The distribution and genetic diversity of the microorganisms in the biofilter in different phases was also investigated. In phase I (day 31), iron was oxidized by IOB-Crenothrix and Gallionella in 0 m of the filter depth, while MnOB-Crenothrix and Gallionella oxidized manganese in 0.4–0.8 m since manganese removal was occurred after ferrous iron was oxidized completely [6]. And the abundance of MnOB-Crenothrix and Gallionella decreased along the filter depth with the decreasing of manganese. The abundance of Nitrosococcus (AOB) increased along the filter depth, but removal amount of ammonia decreased. The reason may be that the quantity of microbe in A1 was higher than that in A2 and much higher than that in A3, and although the quantity of Nitrosococcus obviously decreased from A1 to A2 and A3, the abundance of Nitrosococcus increased.

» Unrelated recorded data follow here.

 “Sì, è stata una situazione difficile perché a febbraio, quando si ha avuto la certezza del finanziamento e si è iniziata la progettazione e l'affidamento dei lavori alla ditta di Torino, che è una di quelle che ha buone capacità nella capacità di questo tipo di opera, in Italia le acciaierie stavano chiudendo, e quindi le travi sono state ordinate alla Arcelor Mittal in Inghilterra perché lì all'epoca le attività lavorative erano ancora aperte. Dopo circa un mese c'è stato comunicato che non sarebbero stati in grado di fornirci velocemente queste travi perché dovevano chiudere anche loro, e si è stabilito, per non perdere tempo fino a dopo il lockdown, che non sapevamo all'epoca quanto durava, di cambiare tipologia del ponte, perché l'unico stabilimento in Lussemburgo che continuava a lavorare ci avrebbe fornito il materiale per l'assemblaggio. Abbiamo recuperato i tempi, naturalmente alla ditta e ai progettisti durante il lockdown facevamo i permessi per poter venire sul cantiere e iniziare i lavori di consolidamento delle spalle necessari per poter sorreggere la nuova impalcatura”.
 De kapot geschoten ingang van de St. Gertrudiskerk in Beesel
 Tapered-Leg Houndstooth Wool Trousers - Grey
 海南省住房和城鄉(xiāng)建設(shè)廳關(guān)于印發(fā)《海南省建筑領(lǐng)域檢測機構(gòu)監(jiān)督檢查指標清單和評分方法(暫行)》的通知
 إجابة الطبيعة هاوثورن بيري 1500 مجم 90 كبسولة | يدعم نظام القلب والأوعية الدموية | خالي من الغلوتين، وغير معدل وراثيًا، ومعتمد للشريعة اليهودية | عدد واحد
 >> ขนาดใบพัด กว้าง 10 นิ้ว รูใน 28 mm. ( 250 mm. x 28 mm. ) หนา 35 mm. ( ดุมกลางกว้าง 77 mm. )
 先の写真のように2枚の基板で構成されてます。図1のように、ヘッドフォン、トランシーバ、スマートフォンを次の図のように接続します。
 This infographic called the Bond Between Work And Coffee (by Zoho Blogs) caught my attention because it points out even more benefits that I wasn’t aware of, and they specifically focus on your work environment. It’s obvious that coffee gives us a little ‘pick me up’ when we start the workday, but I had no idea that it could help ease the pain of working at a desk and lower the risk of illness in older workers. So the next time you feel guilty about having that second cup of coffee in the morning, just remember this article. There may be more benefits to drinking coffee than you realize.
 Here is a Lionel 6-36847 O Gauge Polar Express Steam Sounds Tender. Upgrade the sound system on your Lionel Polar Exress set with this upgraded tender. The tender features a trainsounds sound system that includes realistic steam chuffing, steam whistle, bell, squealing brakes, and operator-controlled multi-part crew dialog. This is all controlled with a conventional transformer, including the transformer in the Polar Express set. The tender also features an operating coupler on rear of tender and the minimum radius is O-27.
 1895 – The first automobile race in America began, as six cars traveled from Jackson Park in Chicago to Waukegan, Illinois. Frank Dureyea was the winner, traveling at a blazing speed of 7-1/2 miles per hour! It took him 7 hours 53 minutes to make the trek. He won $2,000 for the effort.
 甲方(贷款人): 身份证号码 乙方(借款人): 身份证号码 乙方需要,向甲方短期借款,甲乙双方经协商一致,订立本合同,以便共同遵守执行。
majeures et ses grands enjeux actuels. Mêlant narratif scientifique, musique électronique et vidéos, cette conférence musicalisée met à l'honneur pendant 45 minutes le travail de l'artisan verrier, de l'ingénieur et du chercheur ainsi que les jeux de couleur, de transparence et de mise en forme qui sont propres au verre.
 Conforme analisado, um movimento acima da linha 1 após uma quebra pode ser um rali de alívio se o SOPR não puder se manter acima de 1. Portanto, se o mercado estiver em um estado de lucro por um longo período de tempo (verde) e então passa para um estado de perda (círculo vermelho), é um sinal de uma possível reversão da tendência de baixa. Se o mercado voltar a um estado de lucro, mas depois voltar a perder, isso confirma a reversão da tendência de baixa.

In phase II (day 93), although the concentration of iron along the filter depth was hardly changed, the abundance of IOB-Crenothrix in 0 m of the filter depth decreased with the increasing of manganese concentration, while the abundance of IOB-Gallionella increased. When manganese in influent increased to about 5 mg/L, the abundance of MnOB-Gallionella obviously increased in 0.4 and 0.8 m, and the abundance of Crenothrix increased in 0.8 m, but Crenothrix decreased in 0.4 m. The reasons may be as follows: (1) Gallionella had a higher activity than Crenothrix in high manganese condition. (2) The quantity of the MnOB in 0.4 m increased with the increasing of manganese concentration, and the quantity of the microorganism increased, too; the growth rate of microorganism was higher than Crenothrix in 0.4 m. In phase II, the quantity of the microorganism in 0.4–0.8 m increased, because the quantity of the MnOB increased with increasing of manganese concentration, therefore the abundance of AOB-Nitrosococcus decreased in 0.4–0.8 m, although the quantity of the Nitrosococcus may be hardly varied compared with phase I.

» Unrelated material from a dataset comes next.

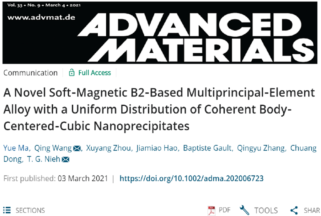 近日获悉,我室王清教授及团队成员在高性能高熵合金的软磁性能研究方面取得了突破性进展,实现了结构-功能一体化的材料设计,相关工作以‘A novel soft-magnetic B2-based multi-principal-element alloy with a uniform distribution of coherent body-centered-cubic nanoprecipitates’为题发表在材料科学领域顶尖期刊《Advanced Materials》上(IF=27.398)。
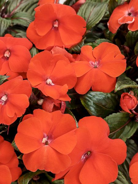 Impatience de Nouvelle-Guinée, formant un coussin de feuilles vert foncé recouvert de fleurs orange écarlate, de la fin du printemps jusqu'à l'automne. Vigoureux et résistant aux maladies. Résiste bien au soleil.

In phase III (day 158), although the removal efficiency of iron was not affected with the increasing of manganese concentration, the abundance of IOB-Crenothrix in 0 m of the filter depth continuously decreased, while the abundance of IOB-Gallionella continuously increased, indicating that IOB-Gallionella was more able to adapt the high manganese condition than IOB-Crenothrix. When manganese in influent increased to about 10 mg/L, the growth rate of MnOB-Gallionella was faster than that of Crenothrix, and the abundance of Gallionella obviously increased with the increasing of manganese concentration. The abundance of Crenothrix increased in 0.8 m, but Crenothrix decreased in 0.4 m, because the total number of the microorganism increased. The removal efficiency of ammonia along the filter depth and the half-life time of ammonia oxidation were hardly affected by manganese, but the abundance of AOB-Nitrosococcus in 0.8 m decreased because of the increasing of total number of the microorganism.

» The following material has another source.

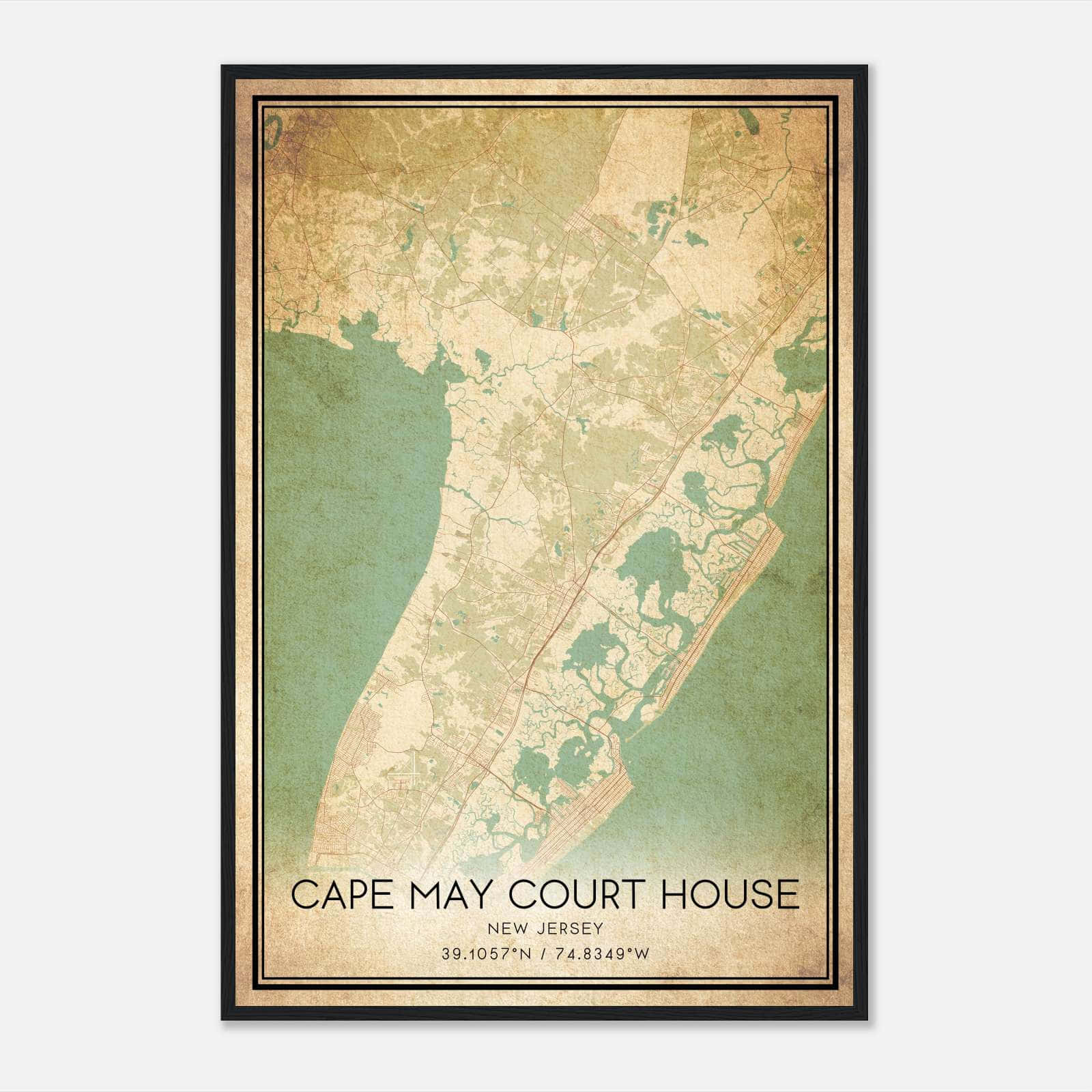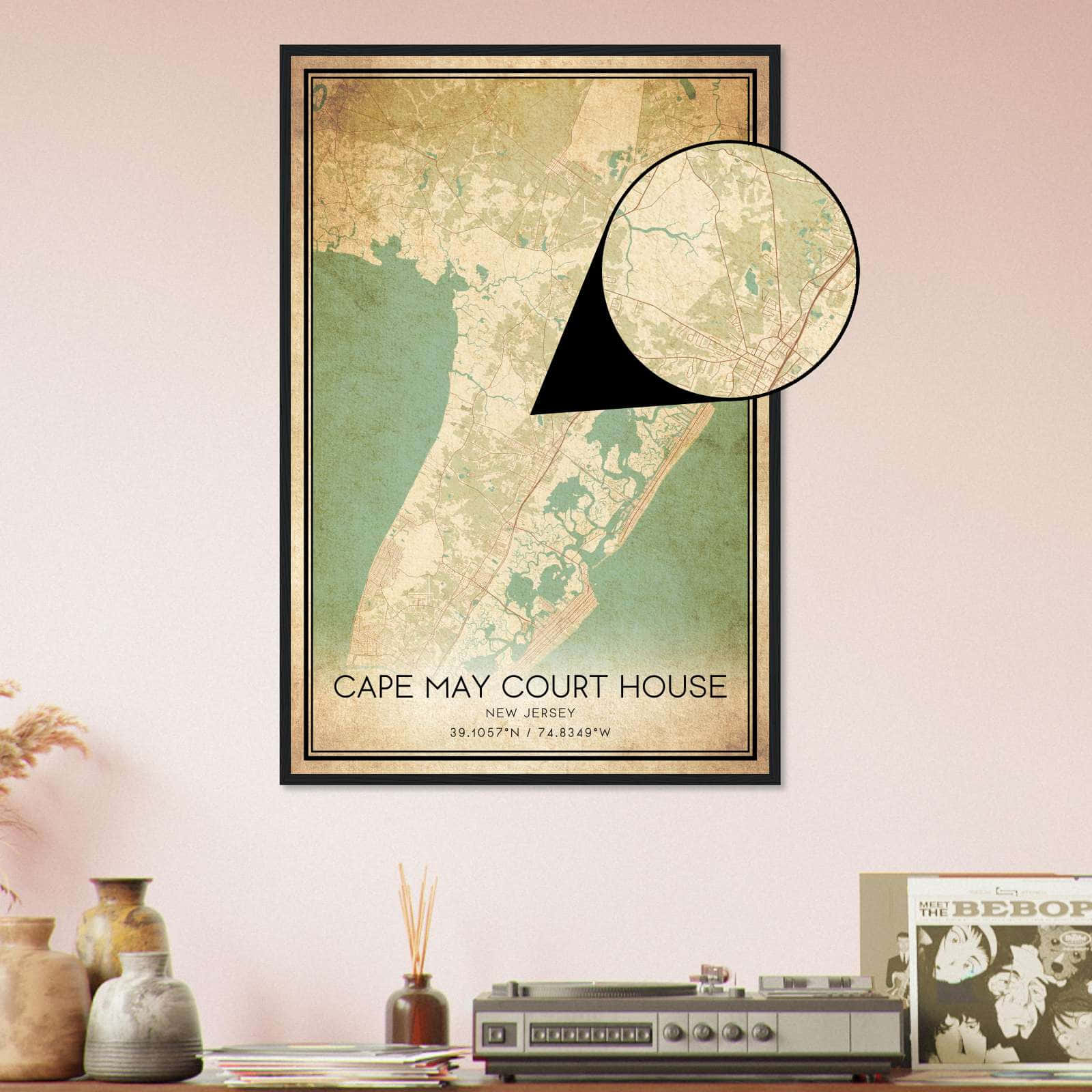 Vintage Cape May Court House New Jersey Map Poster, Cape May Court

When manganese increased from 1 to 5 and 10 mg/L, iron and ammonia removal were not affected, while manganese increased in 0.4, 0.8 and 1.2 m of the filter depth. Biological ammonia oxidation followed a first order kinetic rate, while manganese oxidization was indeed first order except manganese in influent was about 10 mg/L. AOB, NOB, IOB, IOA, MnOB related to ammonia, iron and manganese removal were found in the biofilter. With the increasing of manganese concentration, IOB-Crenothrix was restrained, while IOB-Gallionella was promoted. The abundance of MnOB-Gallionella quickly increased, and MnOB-Crenothrix in 0.8 m increased, too, but decreased in 0.4 m. The abundance of Nitrosococcus in 0.4 and 0.8 m decreased because of the increasing of total number of the microorganism.